I decided for my mother’s memorial to buy a suit. The suit I possess is a hand-me-down and makes me look fat. It’s also a light color and I wanted something dark that I could wear to interviews (a remote possibility) and actual funerals or weddings. It would have pleased my mother. Between us there was the residue of childhood battles over suits, which I regarded as something worse than an iron maiden. And I do feel like I’m being hanged whenever I wear a tie. But I like the way I look in a good dark suit now, if the cut is right. Buzz Callaway always wears a suit.

Missions like this are best conducted in company. On my own there is no telling what I’ll return with. I’m like the father of my childhood who is sent to the supermarket by circumstances and comes home with pickled lamb tongues, mustard and Wonderbread, plus 42 cans of frozen orange juice because it was on sale. And so I enlisted my daughter, Q. Q is 23 and into something I’ve never known a thing about, fashion.

It was Friday, late morning, when we set out for a discount department store with steeply marked down designer clothes she knew about on 7th Avenue. The sky was overcast with dirty, rainless clouds. Most of our time together in the past couple of years has been difficult. I knew this would be an opportunity to spend time with her without talking about what she is going to do with her life, or money, or mental health. I was in her power box, fashion. She was going to help me. Therapeutic for both of us.

Since my mother died in February I have spent more time in Manhattan than I have in 15 years. Manhattan is my muse. As a small child I was traumatized by its noise, fire engines particularly, and was happy (at the age of 4) when we moved to the Mt. Kisco. But by the time I was a teenager (and living in Larchmont) everything was reversed and I loved the city. To this day the smell of NYC in the 1960s pervades my heart’s mind. I still see and smell that city like a ghost of grime clinging to the shiny fake surfaces and shiny fake people who largely inhabit it now. It is the smell of dog shit and leaded gasoline, of roasting coffee and diesel exhaust. Manhattan is the place where I feel most at home on earth.

My mother and father arrived in NY in 1945. In 1964 they moved us to Westchester. My mother stayed there until 1985. For nearly ten years I lived on First Avenue. Manhattan has been the family home for most of the past 66 years. I still have close friends and family there, but with the death of my mother I have lost the last piece of the island that was mine.

Q is patient with me, insists that I try on more suits than I want to. “This one makes me look fat,” I say.

“I really like the way you look in that one.”

“But I like the white thread running through this.”

“Yeah, that’s good, but the other one is better.”

“Sure, but see how baggy it is? I won’t have time for extensive alterations.”

And so on.

We got one that I loved, Italian wool, black with a white thread stripe. A $500 suit for $200. With the 15% off we got the shirt for virtually nothing.

The next part of the mission was to find a tailor and pick my mother’s ashes up from the funeral home.

As we walked I wondered if the suit was too baggy. “Let’s look for guys in suits,” I said. “To see if it’s too baggy.” We didn’t see anyone. Below midtown and above Wall Street it seems no one in New York wears a suit. This was both reassuring and annoying. I am used to getting what I want right away, especially in the city, and now there wasn’t a guy in a suit to be seen over the course of a mile of walking through the West Village.
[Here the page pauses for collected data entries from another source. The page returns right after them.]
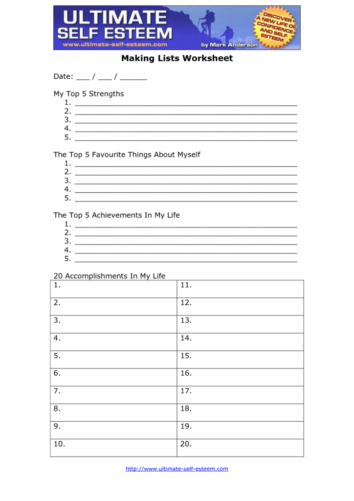 Here are some of the images for Printable Self Confidence Self Esteem Worksheets For Adults that we found in our website database.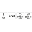 Zhotovení z chrom-molybdenové oceli SCM-440 s měkkou, plastovou objímku, chránící ráfky před poškozením. Nástavce mají chromovaný povrch, barvený pro snadné a rychlé rozlišení velikosti.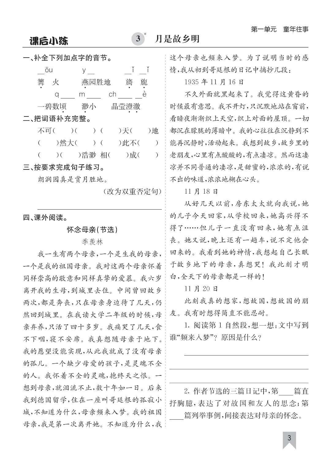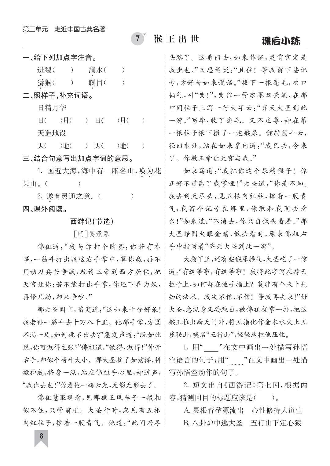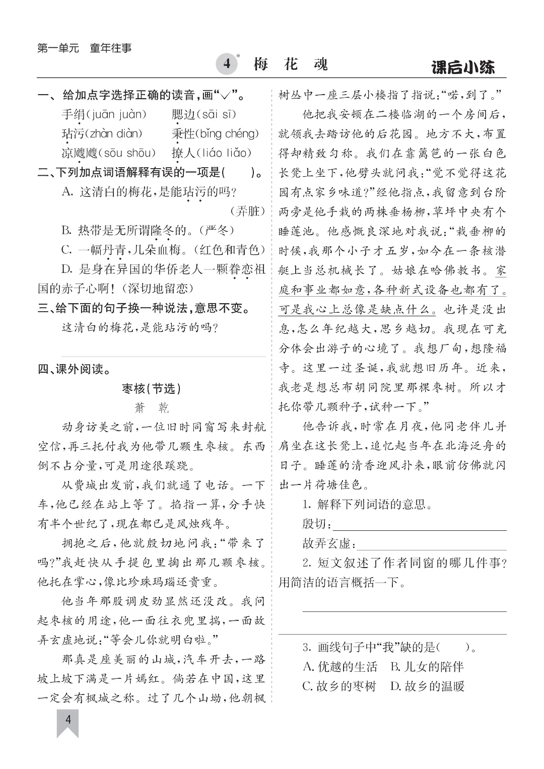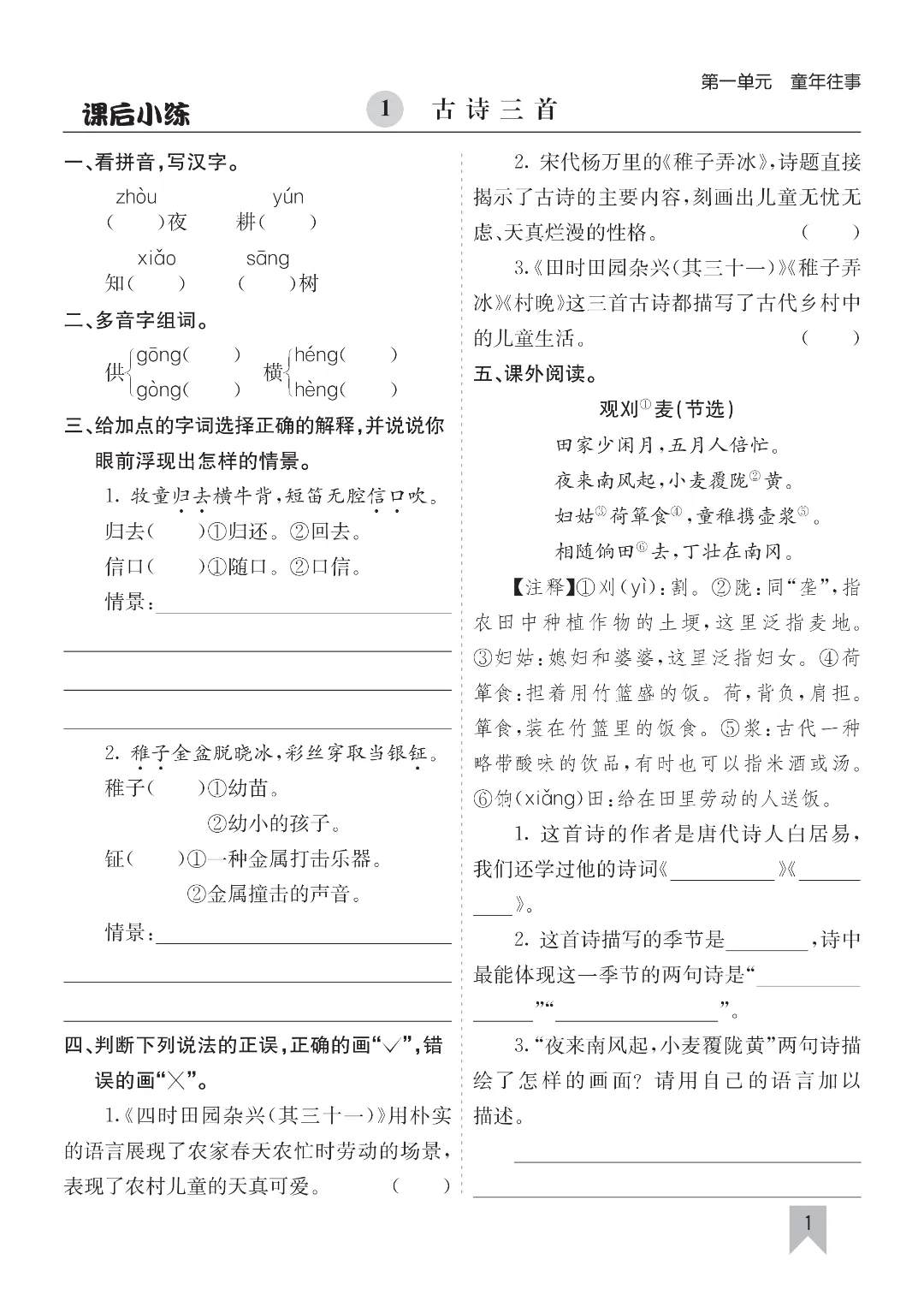 26年春新五年级下册人教版部编版语文《课后一课一练+答案》‖可打印

In the eighties the West Village was extremely expensive and very upper class. It was the old Bohemia. Now it seems like one of the few neighborhoods that has retained its character. It may not be economically different from the rest of Manhattan but it is still Bohemian in its way (no suits). As we walked it also made me sad. All I could think about was all the men who lived there who were dead. It is like passing St. Vincent’s now, knowing it has been closed. I suppose the world’s largest Duane Reade will go into the building that once served as a hospital and community center to the neighborhood, and which was both a great place to have a baby and at the front lines of the AIDS epidemic, as it came to be known. This history colours every corner, and our mission is death related, so naturally I felt melancholy as we headed across Bleecker St.
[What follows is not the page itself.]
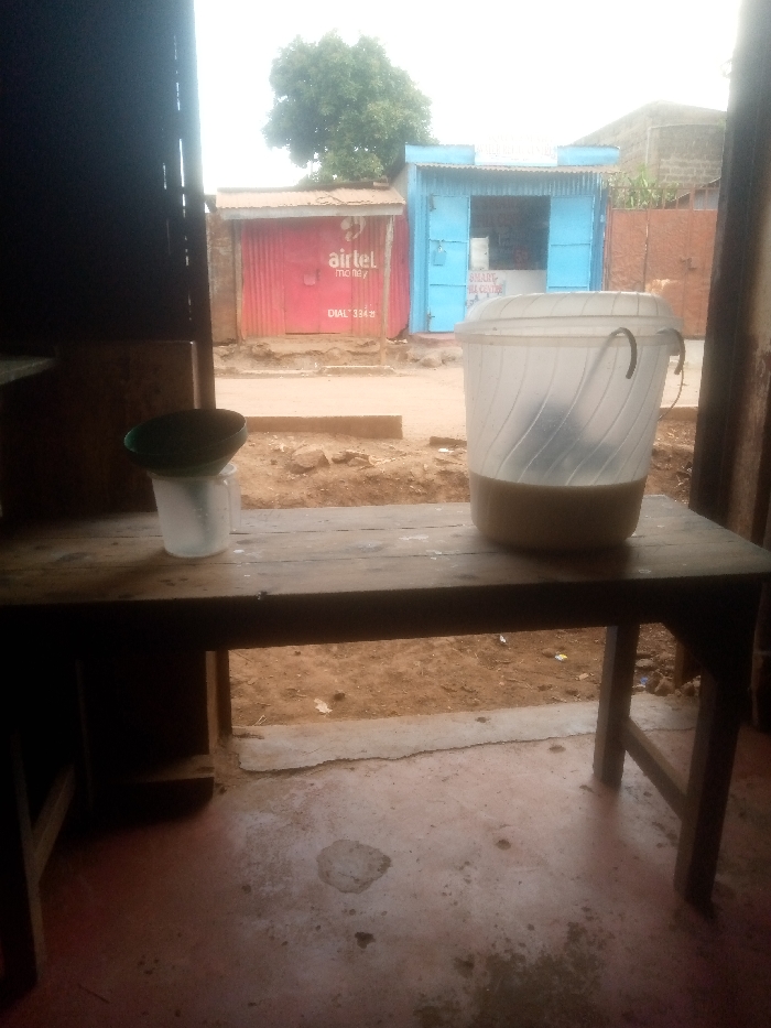 A worn wooden table sits inside a building, holding a plastic bucket filled with light-colored liquid and a measuring cup topped with a green funnel. Outside, visible through a doorway, stands a red Airtel money booth and a blue shop under a tree. The ground outside appears to be dirt. The building interior has a simple concrete floor. The table's rustic appearance suggests a basic or rural setting.

The funeral home is on Bleecker and Sixth. It used to be on Spring Street. I knew about it because when a relative unexpectedly jumped out of his 9th floor window I had to find a cheap cremation. I found this place, in the Yellow Pages. Despite the fact that they had moved and changed their name, I found them again. They were still cheap and unpretentious but the digs were better. On Spring Street it was a tiny place located below street level. The undertaker, a friendly man, was pallid, and in a black suit. The drapes were heavy, the walls red, the space tiny and darkened by mahogany furniture. The new space has tall ceilings and is painted yellow with white trim. Light pours in through the windows. They too are powder pale people, dressed all in black.

“I’m here to pick up my mother’s ashes,” I say. The woman takes our name and we sit and wait while they find them. I tell Q about what the old place was like. Her eyes are welling up with tears.

Q lived with my mother for over a year while she went to school. I thought it was a perfect match. My mother needed watching and my daughter needed watching and a place to stay. But they drove each other nuts. In her late eighties she couldn’t tolerate the anxiety created by the nocturnal hours Q kept. And Q couldn’t stand the dust, heat, and junk my mother lived in, nor the sarcastic comments. Eventually Q moved out. My mother had peace at home then. But there was no one there to help her when she fell, cracked a rib and split open her scalp. No one there to help her get to pulmonary physical therapy. And Q had to leave the city because she couldn’t afford to live there.

Despite this history they were very close and Q was, and is, deeply saddened by her grandmother’s death. They hand me the ashes with the instruction that I not lose the Certificate of Cremation.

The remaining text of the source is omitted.